*Action item*:
Only one span of the material below is wanted. Output it exactly, from the line with "Nillkin telefonfodral är" through the line with "Sencilla rosa blanca", without any pictures.

*Data shown*:

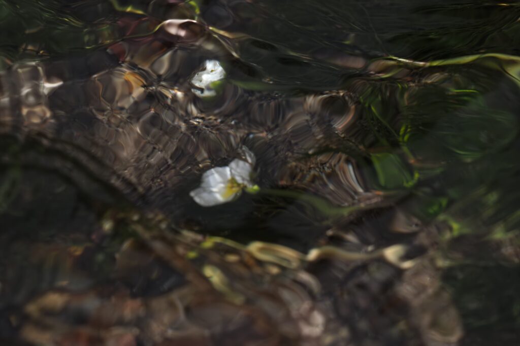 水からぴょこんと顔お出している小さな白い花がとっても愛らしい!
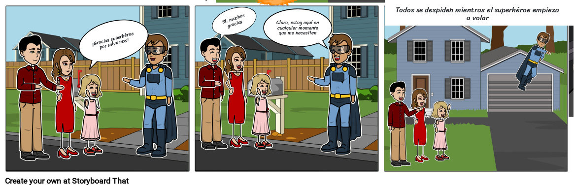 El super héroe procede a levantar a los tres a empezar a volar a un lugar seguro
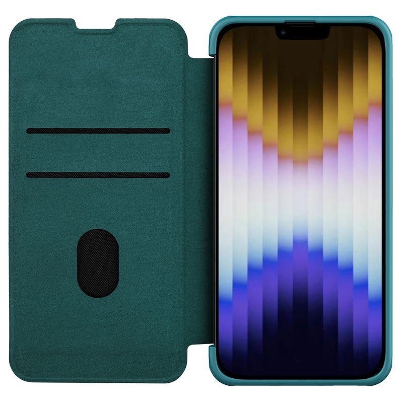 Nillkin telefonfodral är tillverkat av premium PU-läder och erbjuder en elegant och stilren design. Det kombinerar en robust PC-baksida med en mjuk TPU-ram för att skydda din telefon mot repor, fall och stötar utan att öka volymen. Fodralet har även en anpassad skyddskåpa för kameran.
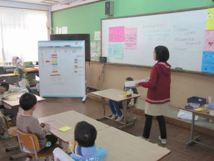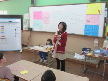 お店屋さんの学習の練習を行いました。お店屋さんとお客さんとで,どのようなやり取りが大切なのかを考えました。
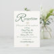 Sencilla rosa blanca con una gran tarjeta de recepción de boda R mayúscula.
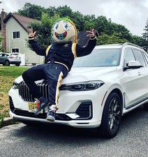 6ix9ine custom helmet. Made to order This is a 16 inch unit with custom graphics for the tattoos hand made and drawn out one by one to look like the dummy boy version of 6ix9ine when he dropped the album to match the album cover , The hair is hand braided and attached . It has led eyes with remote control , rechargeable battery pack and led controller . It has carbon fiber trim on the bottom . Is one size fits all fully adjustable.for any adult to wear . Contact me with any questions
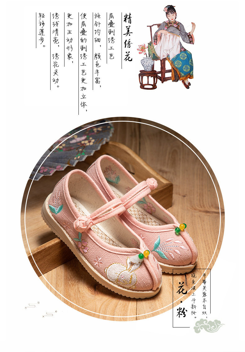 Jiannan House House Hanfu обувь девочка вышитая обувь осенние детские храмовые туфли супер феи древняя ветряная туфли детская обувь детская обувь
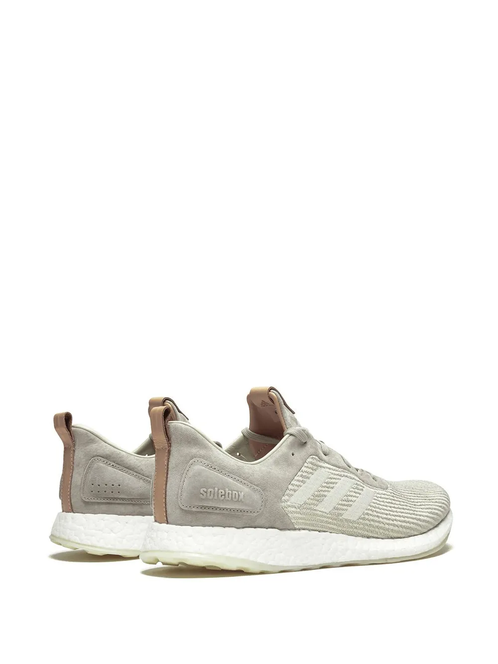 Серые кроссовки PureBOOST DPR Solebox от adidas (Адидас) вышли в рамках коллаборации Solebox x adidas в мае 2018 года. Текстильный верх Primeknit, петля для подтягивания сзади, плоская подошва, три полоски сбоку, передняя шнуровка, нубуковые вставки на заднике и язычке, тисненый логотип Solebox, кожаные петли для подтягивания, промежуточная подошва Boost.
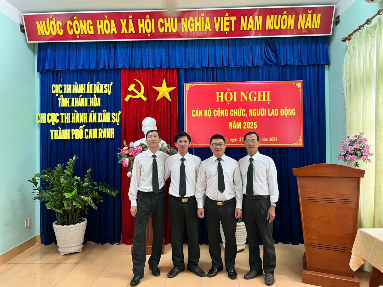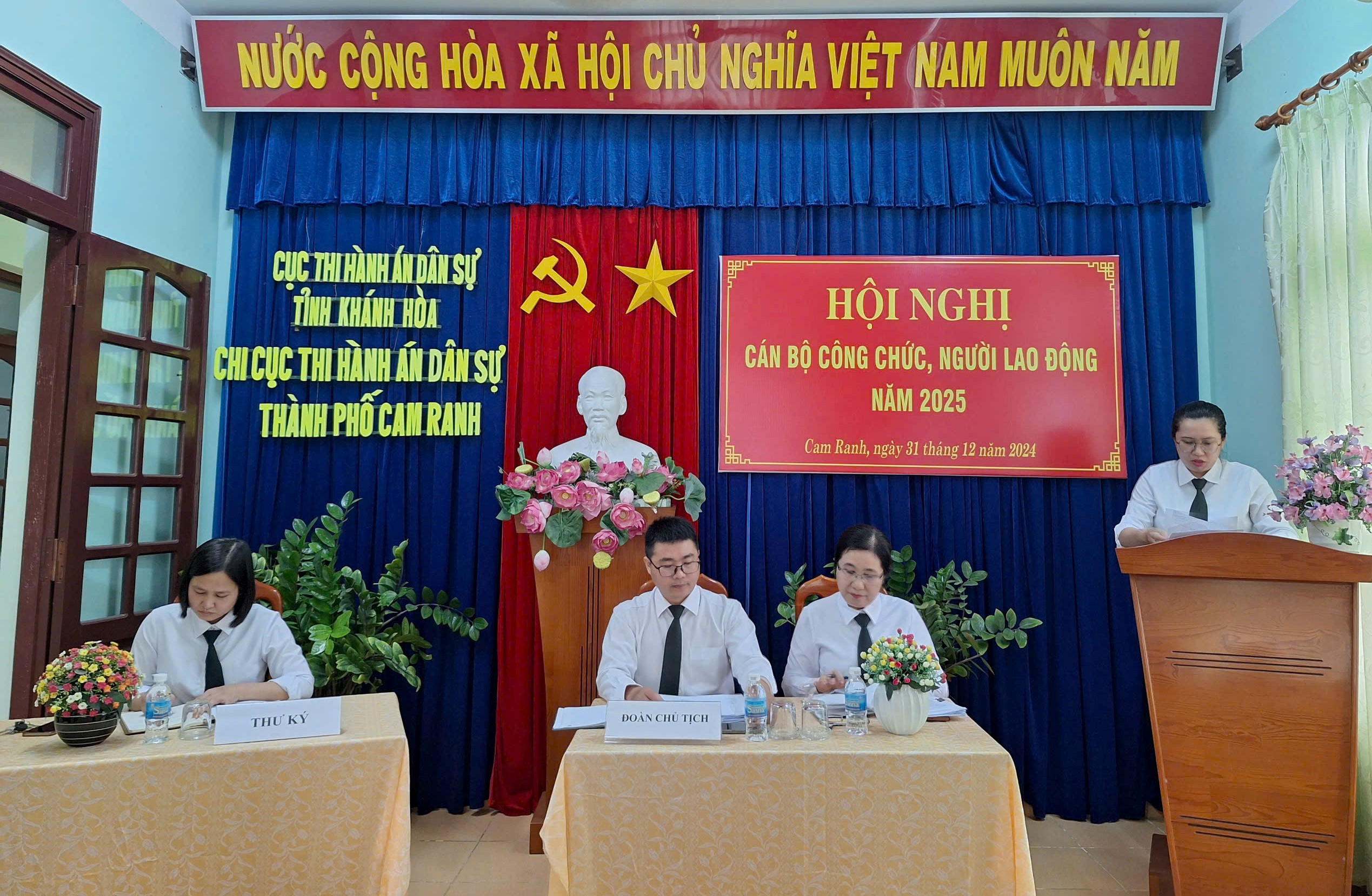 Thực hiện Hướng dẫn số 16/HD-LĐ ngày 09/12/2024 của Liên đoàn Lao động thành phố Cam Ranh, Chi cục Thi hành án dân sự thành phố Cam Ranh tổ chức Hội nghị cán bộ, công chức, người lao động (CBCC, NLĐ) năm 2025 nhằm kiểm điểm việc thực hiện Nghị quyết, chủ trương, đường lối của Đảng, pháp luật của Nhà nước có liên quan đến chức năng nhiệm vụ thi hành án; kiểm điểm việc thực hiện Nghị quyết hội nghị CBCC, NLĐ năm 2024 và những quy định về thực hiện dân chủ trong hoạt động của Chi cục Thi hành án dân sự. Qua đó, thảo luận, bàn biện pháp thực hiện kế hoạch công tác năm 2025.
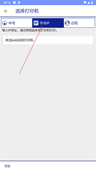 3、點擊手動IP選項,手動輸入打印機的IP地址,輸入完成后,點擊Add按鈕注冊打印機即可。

*Your response*:
 Nillkin telefonfodral är tillverkat av premium PU-läder och erbjuder en elegant och stilren design. Det kombinerar en robust PC-baksida med en mjuk TPU-ram för att skydda din telefon mot repor, fall och stötar utan att öka volymen. Fodralet har även en anpassad skyddskåpa för kameran.
 お店屋さんの学習の練習を行いました。お店屋さんとお客さんとで,どのようなやり取りが大切なのかを考えました。
 Sencilla rosa blanca con una gran tarjeta de recepción de boda R mayúscula.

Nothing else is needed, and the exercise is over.